In Miguel Helft's recent NY Times article, "Google's Chrome OS: Reaching for the Cloud," he discusses the industry's shift towards cloud computing--citing Google's most recent announcement that it is creating a web-based, PC operating system, that will work off the cloud.
However, as more and more applications migrate to the Web, imagine how much more of a users' state the browsers will have to hold. Currently, we cannot effectively use the Web and its applications without an extensive database of bookmarks, saved passwords, browsing history, cookies, field autocompletes, plugins, extensions, etc. What good is a browser in an Internet café without all of this personal state? What good are five different browser-equipped devices that I own if each one has its own version of my personal state and all of them are out of sync?

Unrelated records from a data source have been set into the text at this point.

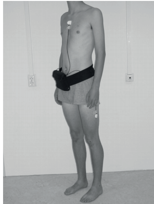
Fig. 1. Study participant showing configuration of the activity monitor, with accelerometers on the sternum and thighs.

Accelerometric data were acquired with the Vitaport AM. Three piezo-resistive ( 1.5 \times 1.5 \times 1 cm) accelerometers ADXL202 (Analog Devices, Breda, The Netherlands, adapted by Temec Instruments, Kerkrade, The Netherlands) were taped to the subject's skin. One was attached to the sternum, with the sensitive axis oriented into the sagittal, longitudinal and transverse directions, and 1 to each thigh, with the sensitive axis oriented in the sagittal direction while standing (Fig. 1). Acceleration data were stored on a Vitaport 2 recorder (sample frequency 128 Hz), transferred to a PC and analysed with the Kinematic Analysis Module of the Vitaport Analysis Package. This program automatically detects a large set of body postures, motions and transitions between postures, with a 1-s resolution (Activity Detection Time Series). Postures and motions with a duration < 5 s were disregarded (25). The monitor stored raw data, so, from the recorded files, the time-frame analysed (from 10.00 h to 18.00 h) could be checked precisely. The reliability and validity of the AM for mobility detection has been studied extensively (7–10, 26).
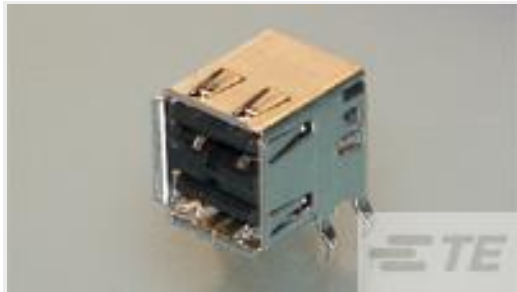
TE Part #5787745-2 USB A R/A STAK ASSY THRU HOLE
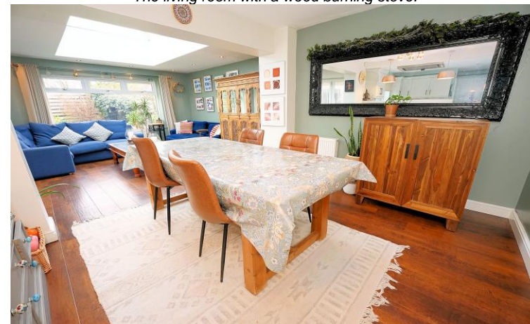
The dining area that flows to the kitchen and the family room
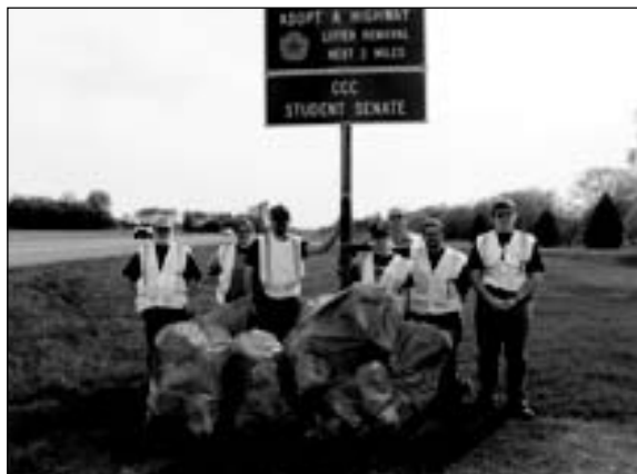
Kudos to members of CCC Student Senate for their cleanup of Highway 67 near Camanche.
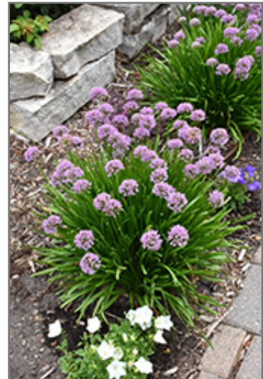
Summer Beauty Ornamental Chives in bloom

Summer Beauty Ornamental Chives is recommended for the following landscape applications;
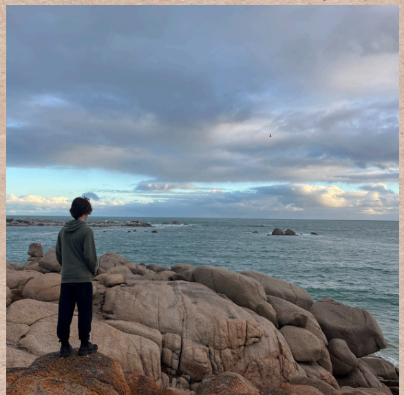
SENIOR ADVENTURE CAMP PHOTOS
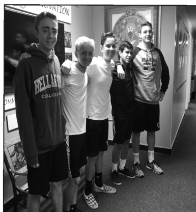
St. Lucy School graduates now attending Bellarmine spent a day of service on our campus. It was wonderful to welcome them back!

ADVANCE PRICING LAST DAY: WED, OCT 4TH www.stlucyschool.org
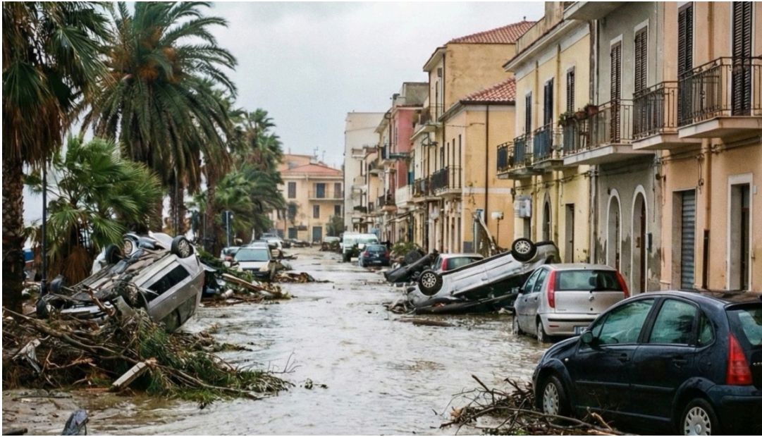
A community in Southern Italy in the aftermath of Cyclone Harry.

The Sons of Italy Foundation (SIF) is continuing to raise critical funds to support our Italian brothers and sisters in the aftermath of Cyclone Harry, which has caused devastating destruction across Southern Italy, Sicily, and Sardinia.
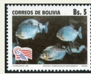
Black-tailed Piranha (Serrasalmus piraya)
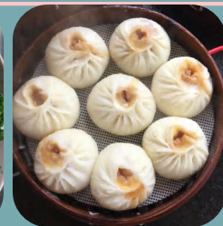
Xiaolongbao (Non veg/veg)
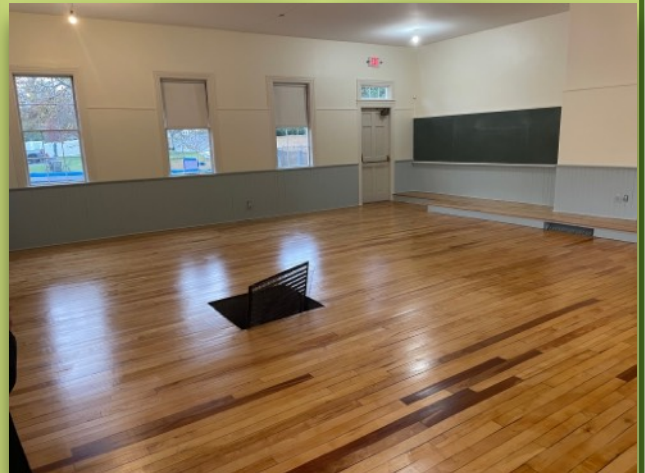
The original wood floors have been refinished
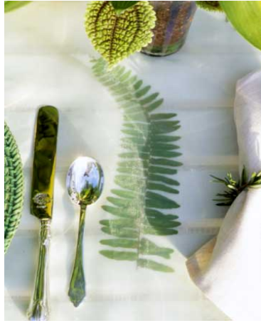
Boston ferns are shown here but other leaves such as palm, basil or ivy works just as well.

It's easy to liven up your table by nestling a few pressed leaves between two sheer tablecloths, as shown at the right. A few days before the party, snip several leaves from a garden or houseplant, and place them between the pages of a large book, protecting the book with sheets of tissue paper. After 48 hours, remove the leaves and randomly scatter them between the cloths, making sure to leave empty spaces for the place settings.
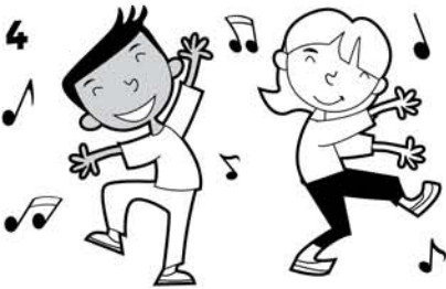
ride a bike / dance
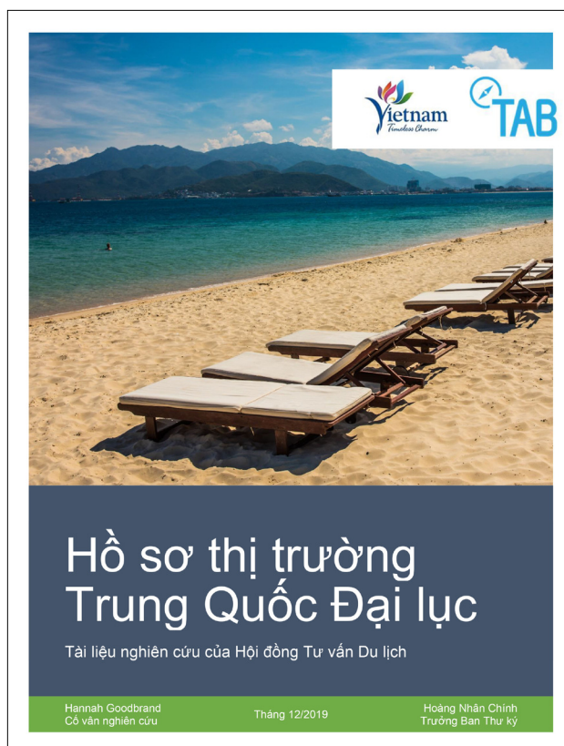
Market Profiles in Vietnamese
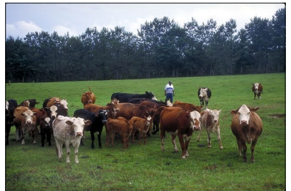
Sample Depth for Pastures is 4 Inches.
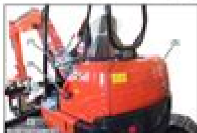
(1) Boom LH (2) Rear boom (3) Fuel tank
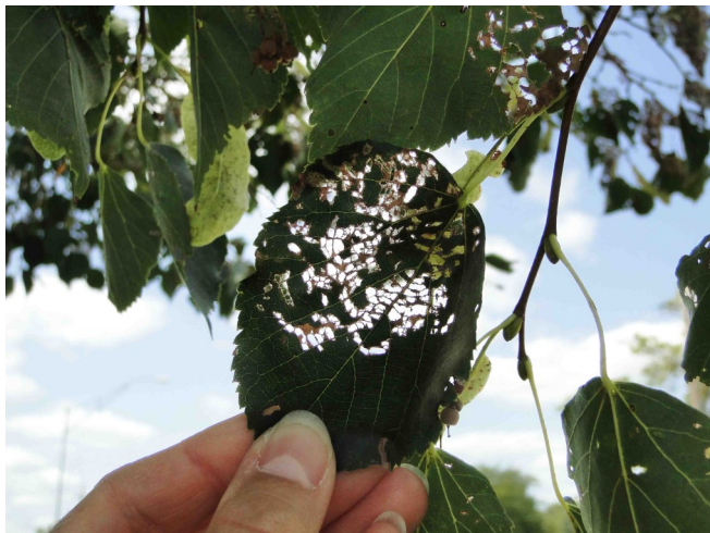
Leaf feeding damage on linden by Japanese beetle

What we really need is not a bunch of devices with browsers, but rather low-cost, easy-to-use stateless devices of all shapes, all of which can connect to cloud-based browsers. A browser belongs to a person, not to a device, and therefore its place is in the cloud -- not on a personal gadget.

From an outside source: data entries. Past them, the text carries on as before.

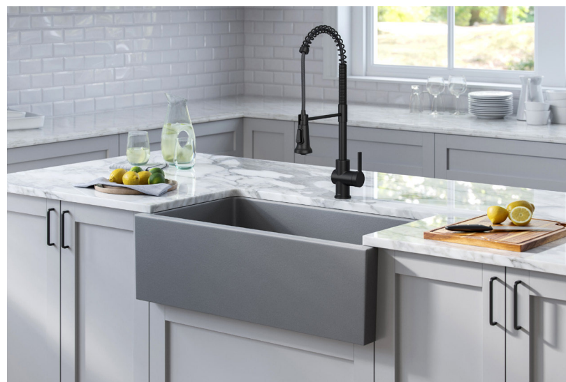
Turino™ 33" Fireclay Farmhouse Kitchen Sink (KFR1-33MGR)
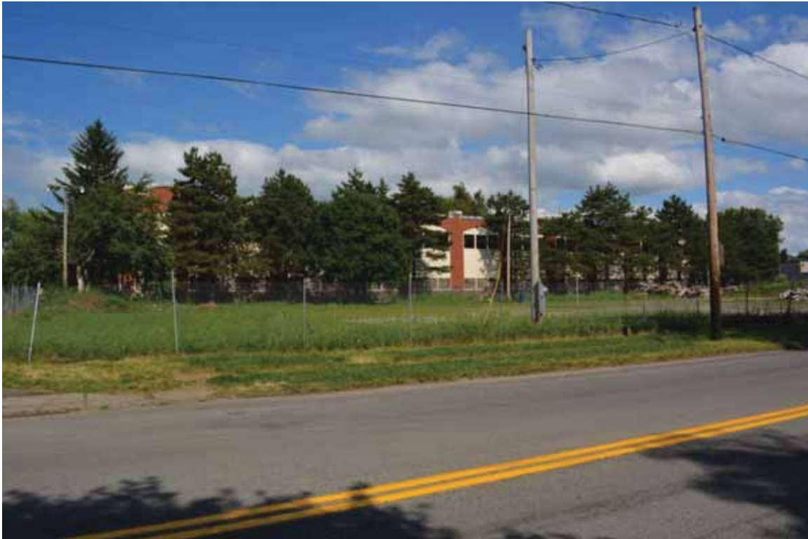
Photograph 4.156. 2600 Whirlpool Street, facing southeast (Panamerican 2014).
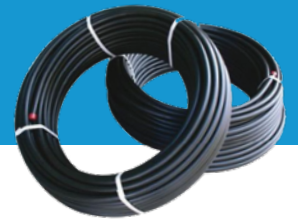
20m DC Power Cable & Isolator
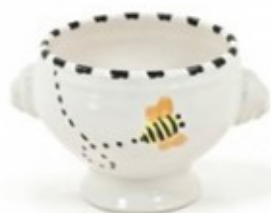
Lions Head Compote, 16 oz #137 (3 1/2" x 4 3/8")
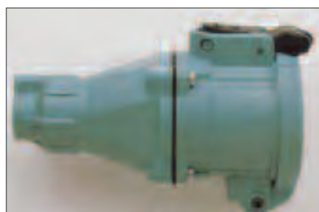
1B. Cable coupler
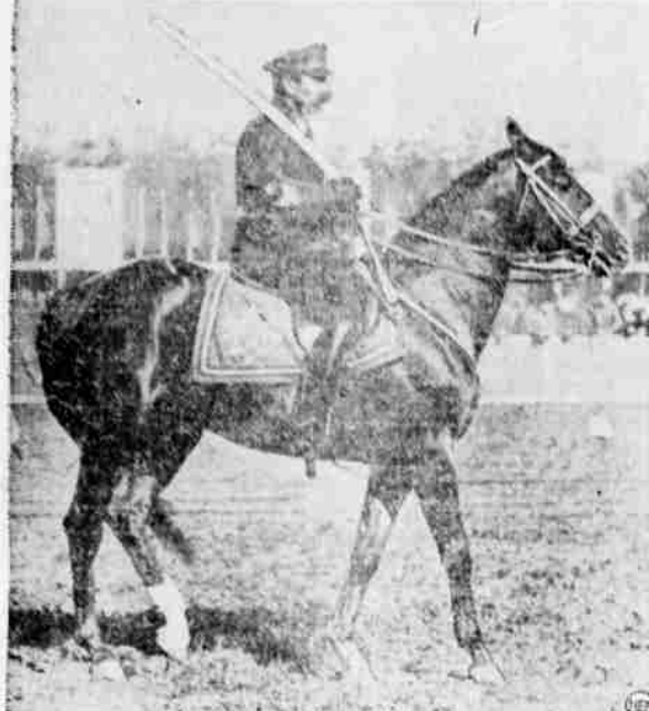
Only two of Russia's famous five marshals remain after recent "purges," and one of those is Marshal Simeon Mikhailovich Budenny, whose striking resemblance to Dictator Stalin is easily noticeable in this recent portrait in which Budenny carries a huge, unsheathed broadsword over his shoulder instead of the customary marshal's baton. Former chief of cavalry, Budenny is now in charge of the Moscow military district.
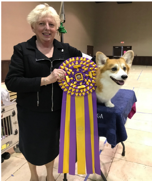
2018 PWCCA NATIONAL BIS GCH CH EWEKNOW HEARTS RUN FREE
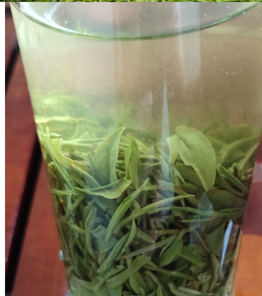
Figure 7. Xinyang Maojian Cultural Festival

In the packaging design process, it is necessary to reflect the cultural meaning of elegance, wealth and upwardness, and match the appropriate objects, using traditional cultural orientation, so that consumers can feel the cultural tone of Maojian. When designing and customizing the gift box, the packaging design can be carried out according to the needs of different festivals, for example, the Mid-Autumn Festival can carve the moon viewing scene on the packaging gift box, and the Chongyang Festival can draw the chrysanthemum picking scene in the packaging gift box, highlighting the luxury and high-end sense of packaging quality, and giving the packaging gift box a strong traditional cultural atmosphere. When designing Xinyang Maojian packaging, all festivals can be used as a source of inspiration, and the festive elements are used reasonably, reflecting the cultural concepts and spirit behind different festivals, and enhancing the personality of Xinyang Maojian packaging design.
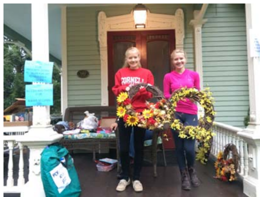
East 4th Street residents still smiling despite bad weather on Yard Sale day.
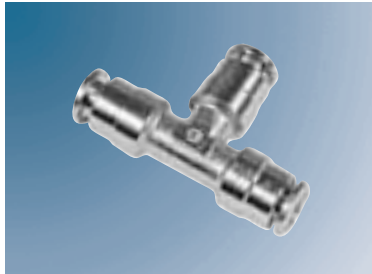
T-Piece, Push-in Type Reinforced
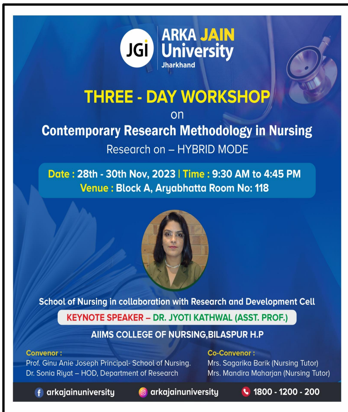
Figure 1: Poster of the Contemporary Research Methodology in Nursing Research

With SIMtone, cloud services such as virtual desktops, DaaS/SaaS, PC remote access or Web services are simple and very inexpensive to host and manage, and become usable without a computer, on-demand and on-the-fly, simply and safely, by everyone, everywhere.
As Helft also notes, "Whether Chrome OS succeeds may not matter. Much of the computer world is inexorably moving toward 'cloud computing,' in a shift that could greatly simplify the way we access and process digital information."
While the SIMtone vision differs a bit, we do believe that cloud computing is about expanding the accessibility for users--simply--to all digital information, media and applications.